Unified messaging (or UM) is a business term for the integration of different electronic messaging and communications media (e-mail, SMS, fax, voicemail, video messaging, etc.) technologies into a single interface, accessible from a variety of different devices. 
While traditional communications systems delivered messages into several different types of stores such as voicemail systems, e-mail servers, and stand-alone fax machines, with Unified Messaging all types of messages are stored in one system. Voicemail messages, for example, can be delivered directly into the user's inbox and played either through a headset or the computer's speaker.  This simplifies the user's experience (only one place to check for messages) and can offer new options for workflow such as appending notes or documents to forwarded voicemails.

Unified messaging is increasingly accepted in the corporate environment, where it's generally seen as an improvement to business productivity.
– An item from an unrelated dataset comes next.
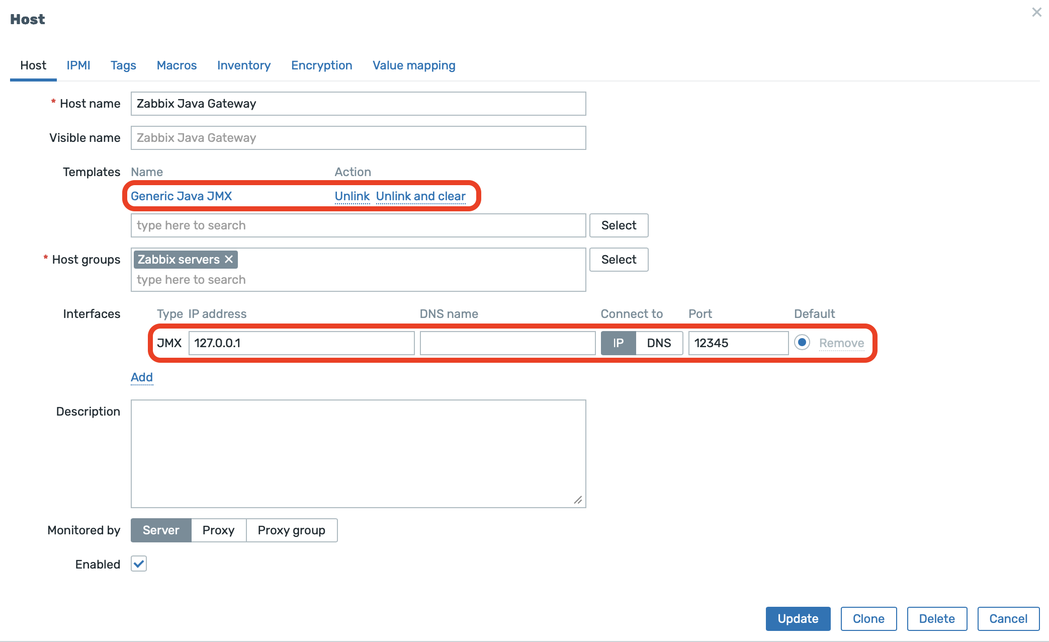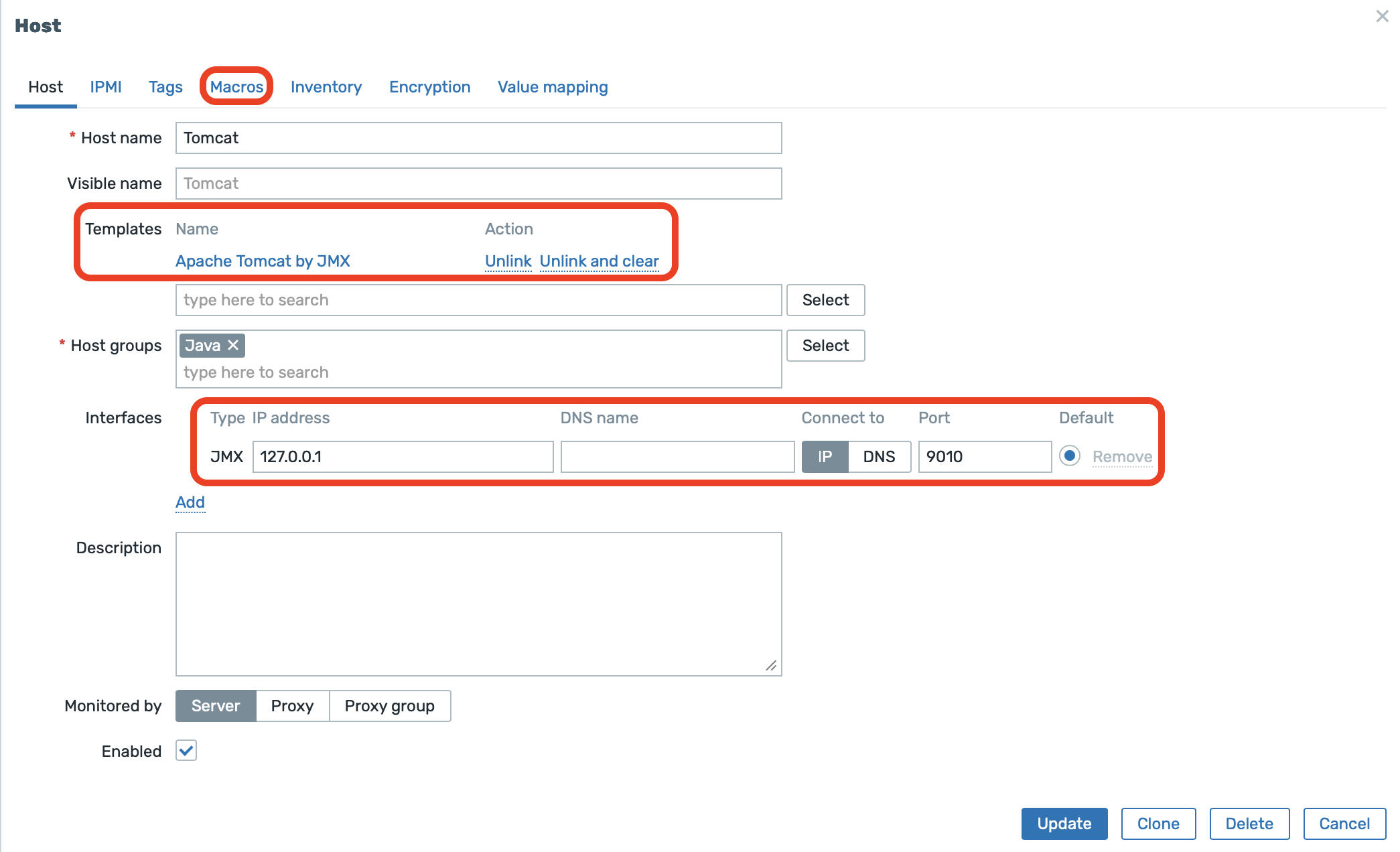 - Nastavte správnou IP nebo DNS adresu Tomcatu a port (ujistěte se, že firewall umožňuje přístup ze Zabbix Java Gateway). V našem případě běží Tomcat, Zabbix Server i Zabbix Java Gateway na stejném hostu, proto používáme localhost. V praxi je takové nasazení spíše nepravděpodobné.

Unified messaging for professional settings integrates communications processes into the existing IT infrastructure, i. e. into CRM, ERP and mail systems.

Hype 
Definitions of unified messaging vary from the typical definition of simple inclusion of incoming faxes and voice-mail in one's email inbox, all the way to dictating a message into a cell phone and the intelligent delivery of that message to the intended recipient in a variety of possible formats like text email, fax, or voice recording. Because of the nebulous definition of UM, it was number one on the 1998 Wired Magazine "Hype List".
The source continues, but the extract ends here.